My Father and Other Working Class Football Heroes

The award winning book reviewed

My Father and Other Working Class Football Heroes

Today's top flight footballers don't know how lucky they are. In an era of unprecedented player power, contracts worth millions are deemed unsatisfactory, a week on the subs bench has the agents scurrying from club to tabloid and back again. It's a far cry from the age of the maximum wage and the restricted contract. Gary Imlach, in this excellent social history cum biography cum son searching for a father amply illustrates how drastically the beautiful game has moved on.

I'd first encountered Gary Imlach as an intelligent and witty presenter of the NFL on Channel 4. I had little idea that his father had been a professional footballer, let alone one with such an interesting story to tell.

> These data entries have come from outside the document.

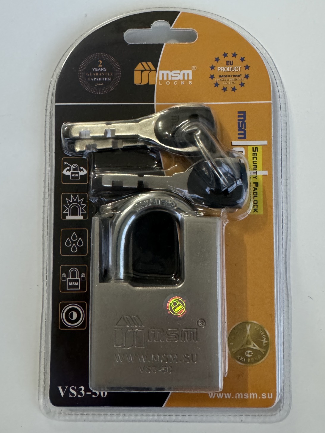 Замок навесной MSM VS3-50 Blister 3 ключей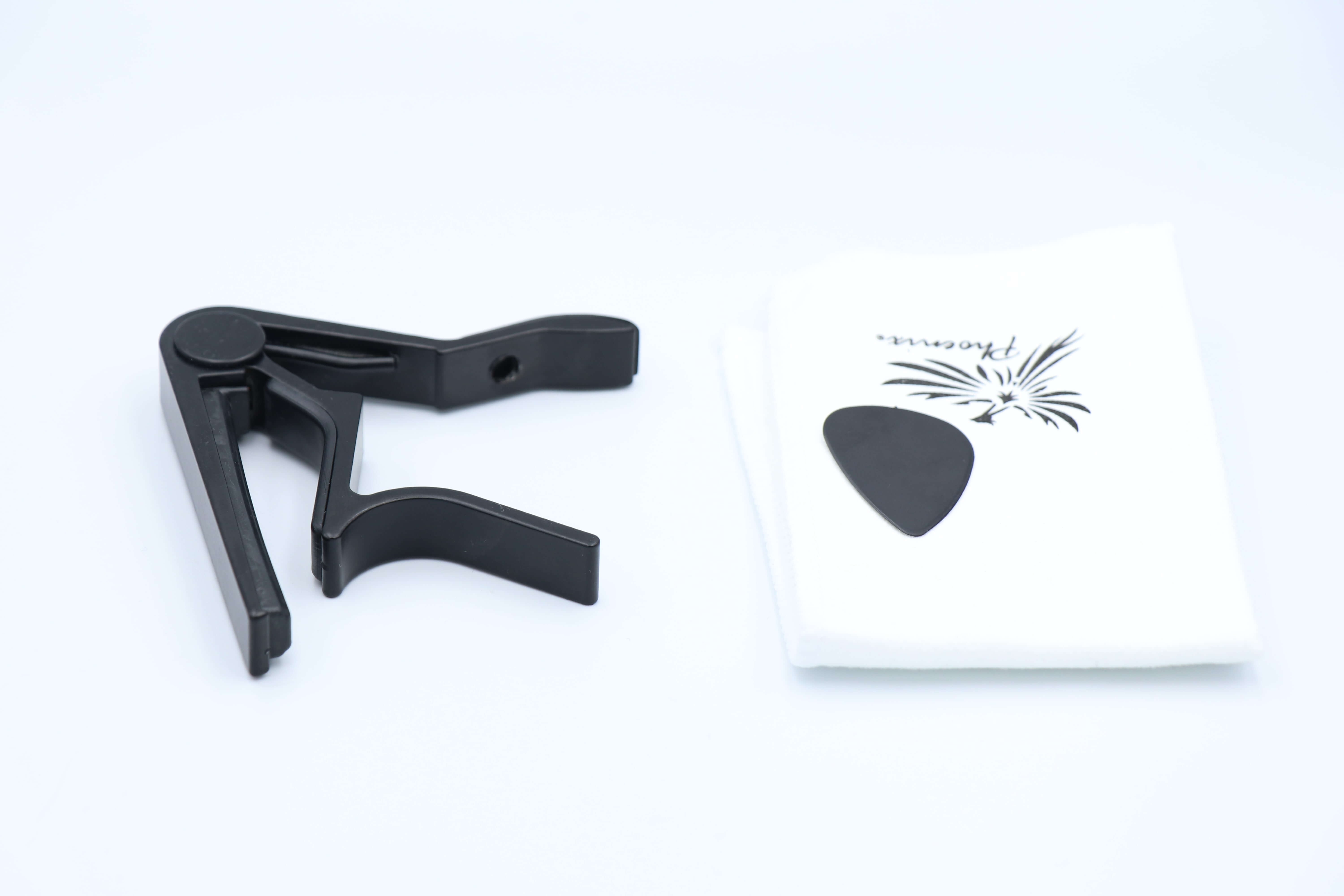 カポタスト本体に加えて、ピックとファイバークロスが付属されています。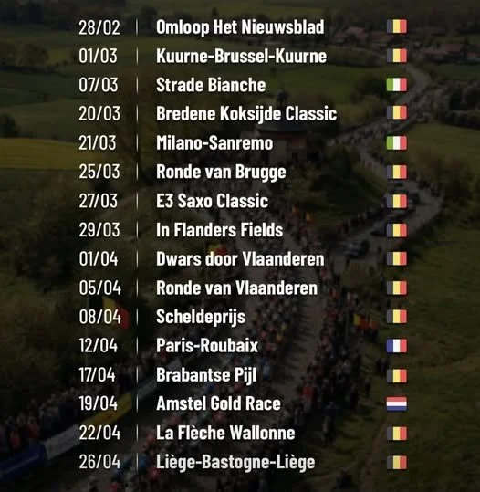 * Mar 16 - Apr 22 - BiciSport to Belgian Spring Classics - MOR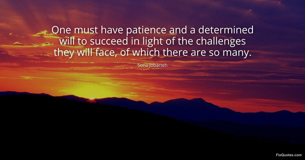 Jobarteh, Sona. (2026, February 16). One must have patience and a determined will to succeed in light of the challenges one will face, of which there are so many. FixQuotes. https://fixquotes.com/quotes/one-must-have-patience-and-a-determined-will-to-185511/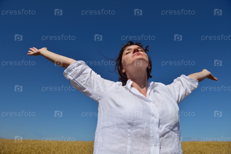 Молодая женщина в поле пшеницы летом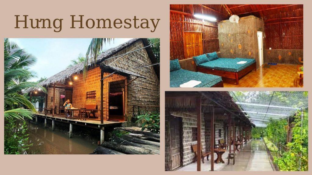 Với những dãy nhà lá đơn giản bên ven sông, được bố trí khá đơn giản được hoà mình vào không gian xanh tươi mát. Homestay thu hút khá nhiều du khách đặc biệt là khách nước ngoài muốn trải nghiệm văn hóa vùng sông nước. Các căn phòng được thiết kế đa số bằng tre nứa và những vật dụng khá thân thiện.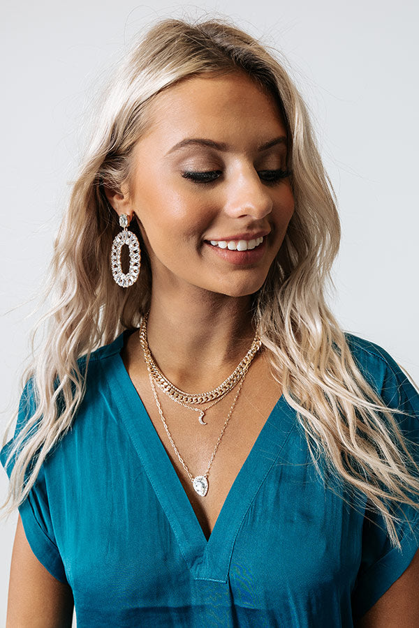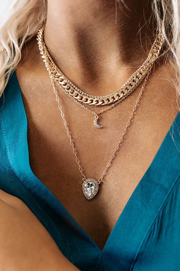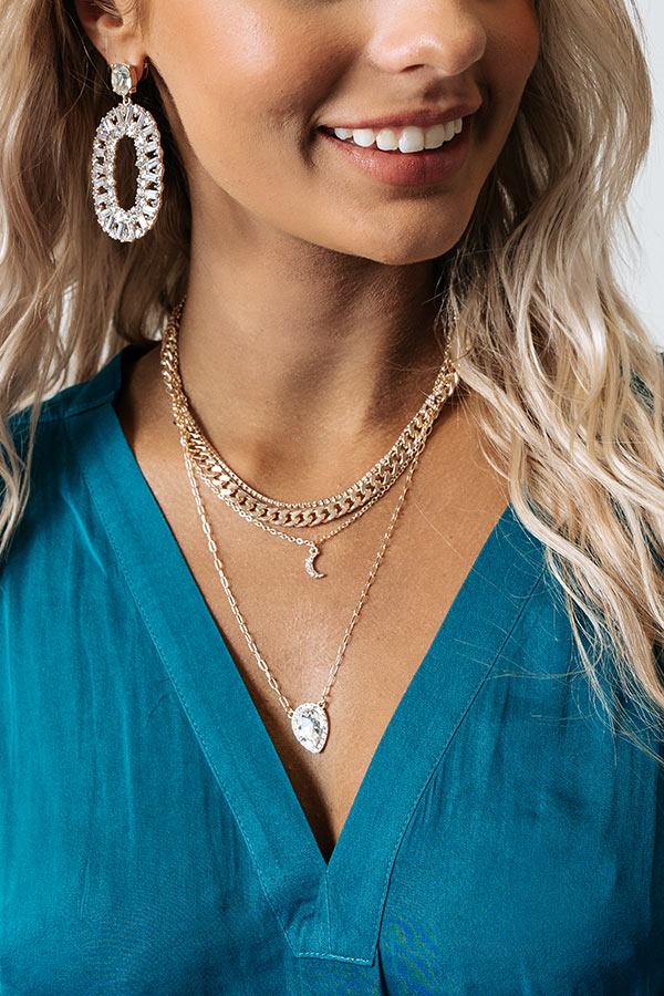 Add a glamorous touch to your look with this beautiful necklace featuring four layered pieces: a rhinestone choker, a large link choker, a dainty chain with a rhinestone crescent moon charm, and a longer dainty chain with a large teardrop rhinestone pendant!

Stewart Imlach's nomadic professional career started at Bury. He moved to Derby before being shipped to Nottingham Forest. He was good enough to represent Scotland in the 1958 World Cup and gain an FA Cup Winners medal in 1959 yet within months of this glory he was to shunted out of Forest to Luton. He slid further down the pyramid with Coventry and Crystal Palace before starting a career in coaching which took in spells at Palace, Notts County, Everton, Blackpool and Bury. As interesting as the footballing story is in itself, it is the off the field life of the 1950s pro that is of even more interest.

It seems that the players in that era were little more than the playthings of the vain, ambitious men who ran football at that time. As Imlach says

The contract a player signed gave the club the rights to his services in perpetuity...His contract was for 12 months only. At the end of a season clubs could release a player, put him up for sale, or retain him - often on reduced wages. Any player who refused to agree terms whatever they may be, would be paid no wages. Not paid wages and sacked, or released, but paid no wages and retained. If he walked out he couldn't play anywhere else because the club held his registration.

It really was a form of legalised serfdom.

And it wasn't just club football. The chapter on the 1958 World Cup and the SFA's approach (or rather lack of it) towards the players does nothing to dispel the stereotype of the frugal Scotsman. Life hardly appeared more secure as a coach. A few bad results or the whims of an impatient director enough to bring the joinery trade to the fore. (at least Imlach had a trade to fall back on. Many others didn't) The tales of endlessly moving house, the out of season job as a joiner...relations with the press.

This book is far more than just a biography of a dedicated professional though. It is about search for the soul of the game and a sons' attempt, belatedly, at least, to find his father. As well as being a top class presenter, Imlach has provided an honest and heartworn tribute to his father and an excellent chronicle of the life of a professional footballer in less glamourous times. The current crop of premiership stars crying about their measly contracts should read this and learn quite how lucky they are.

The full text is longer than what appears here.